Latency Bound Platforms
Memory throughput bound algorithms9 can actually be operating in two main overall regimes: DRAM bandwidth bound or concurrency/latency bound.
The first mode is the one that you are probably familiar with: the DRAM subsystem has a certain theoretic bandwidth that you can calculate pretty easily based on the number of channels, data rate/width and frequency. For example, my DDR4-2133 system with 2 channels has a max bandwidth of 2.133 * 8 * 2 = 34.1 GB/s, same as reported on ARK.
You won't sustain more than that rate from DRAM (and usually somewhat less due to various inefficiencies) added across all cores on the socket (i.e., it is a global limit for single-socket systems).

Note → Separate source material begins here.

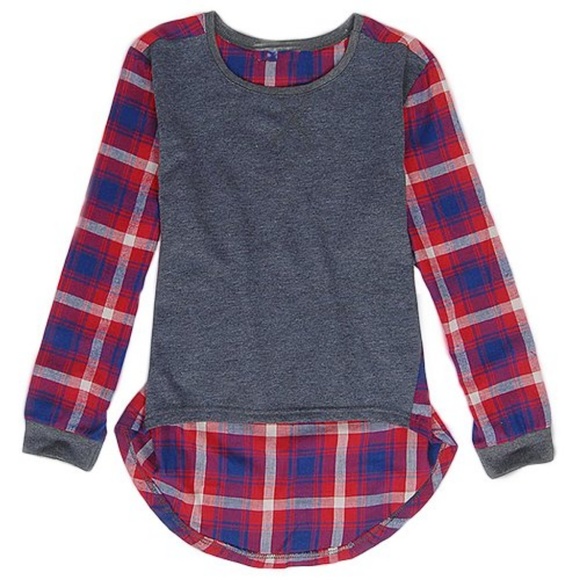 This super cute, long sleeve tunic is made out of a lightweight cotton/polyester blend tee shirt material. The front and cuffs are a solid gray. The sleeves and the back are a red, white, and navy plaid. The bottom hem is a flattering high low. True to size. Approximate length from shoulder to front hem 21" and shoulder to back hem 25". Listing is for shirt only.

The other limit is imposed by how many concurrent requests a core can actually issue to the memory subsystem. Imagine if a core could only have 1 request in progress at once, for a 64-byte cache line - when the request completed, you could issue another. Assume also very fast 50ns memory latency. Then despite the large 34.1 GB/s DRAM bandwidth, you'd actually only get 64 bytes / 50 ns = 1.28 GB/s, or less than 4% of the max bandwidth.
In practice, cores can issue more than one request at a time, but not an unlimited number. It is usually understood that there are only 10 line fill buffers per core between the L1 and the rest of the memory hierarchy, and perhaps 16 or so fill buffers between L2 and DRAM. Prefetching competes for the same resources, but at least helps reduce the effective latency. For more details look at any of the great posts Dr. Bandwidth has written on the topic, mostly on the Intel forums.
Still, most recent CPUs are limited by this factor, not the RAM bandwidth. Typically they achieve 12 - 20 GB/s per core, while the RAM bandwidth may be 50+ GB/s (on a 4 channel system). Only some recent gen 2-channel "client" cores, which seem to have a better uncore, perhaps more line buffers can hit the DRAM limit on a single core, and our Skylake chips seem to be one of them.
Now of course, there is a reason Intel designs systems with 50 GB/s DRAM bandwidth, while only being to sustain < 20 GB/s per core due to concurrency limits: the former limit is socket-wide and the latter is per core. So each core on an 8 core system can push 20 GB/s worth of requests, at which point they will be DRAM limited again.
Why I am going on and on about this? Because the best memcpy
implementation often depends on which regime you are operating in. Once you are DRAM BW limited (as our chips apparently are, but most aren't on a single core), using non-temporal writes becomes very important since it saves the read-for-ownership that normally wastes 1/3 of your bandwidth. You see that exactly in the test results above: the memcpy implementations that don't use NT stores lose 1/3 of their bandwidth.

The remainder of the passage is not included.